The courtly code did not serve exclusively for making verses; it claimed to be applicable to life, or at least to conversation. It is very difficult to pierce the clouds of poetry and to penetrate to the real life of the epoch. How far did courting and flirtation during the fourteenth and fifteenth centuries come up to the requirements of the courtly system: or to the precepta of Jean de Meun? Autobiographical confessions are very rare at that epoch. Even when an actual love-affair is described with the intention of being accurate, the author cannot free himself from the accepted style and technical conceptions. We find an instance of this in the too lengthy narrative of a love-affair of an old poet and a young girl, which Guillaume de Machaut has given us in Le Livre du Voir-Dit. He was approaching his sixtieth year, when Peronnelle d’Armentiéres, of a noble family in Champagne, sent him, in 1362, her first rondel, in which she offered her heart to the celebrated poet, whom she did not know, and invited him to enter with her into a poetical love correspondence.
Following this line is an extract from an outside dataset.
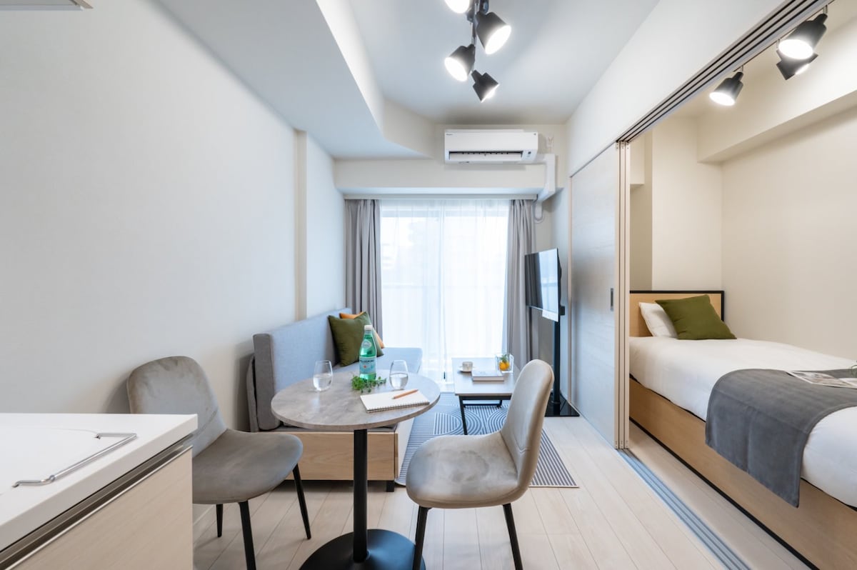 Sumida-ku, Tokio | Elegante casa en el cuarto piso en la tranquila esquina de la calle | Estilo occidental/cuerpo combinado de tatami japonés | Cerca del templo Asakusa y Skytree Una tranquila casa rural se esconde en un rincón de una ciudad bulliciosa. Entra en este apartamento de estilo japonés y occidental en el cuarto piso, como si estuvieras de vuelta en tu propio pequeño mundo. Distribución de la habitación En esta elegante habitación 401, el dormitorio es único y satisface las diversas necesidades de la vida. Equipado con dos camas dobles de 1,4 m de ancho y 2,0 m, suaves y cómodas, la disposición fresca y moderna hace que sea fácil entrar por la puerta. · Espacio luminoso y cómodo con sofá cama plegable abatible de 1,4 m de largo y 2 m. La disposición del sofá cama se ajustará en función del número de huéspedes: si sois más personas, prepararemos el número correspondiente de futones con antelación; si el número de personas es pequeño, se utilizará como espacio de descanso.Para prepararnos mejor, indícanos con antelación cuántos huéspedes se alojarán.Gracias por tu colaboración y comprensión. Cuando regreses por un día, acuéstate en la cama o en el sofá, disfruta de la vista nocturna del Skytree mientras disfrutas de la vista nocturna del cielo, es una gran relajación de tu cuerpo y mente. Cocina de planta abierta, equipada con utensilios de cocina básicos, adecuada para cocinar una comida casera sencilla de vez en cuando Para evitar alergias u olores, no hay condimentos en la habitación, prepárelos usted mismo Baño Baño seco y separado, mantenerlo limpio y limpio Artículos de aseo básicos, como cepillos de dientes desechables, secadores de pelo, etc. Lavadora con función de secadora, sin necesidad de preocuparse por la ropa para secar para negocios o estancias largas. Comodidad suave, superalimentos a poca distancia

The poor poet, sickly, blind of one eye, gouty, at once kindles. He replies to her rondel and an exchange of letters and of poems begins. Peronnelle is proud of her literary connection; she does not make a secret of it, and begs the poet to put in writing the true story of their love, inserting their letters and their poetry. Machaut readily complies.

“I shall make,” he says, “to your glory and praise, something that will be well remembered.”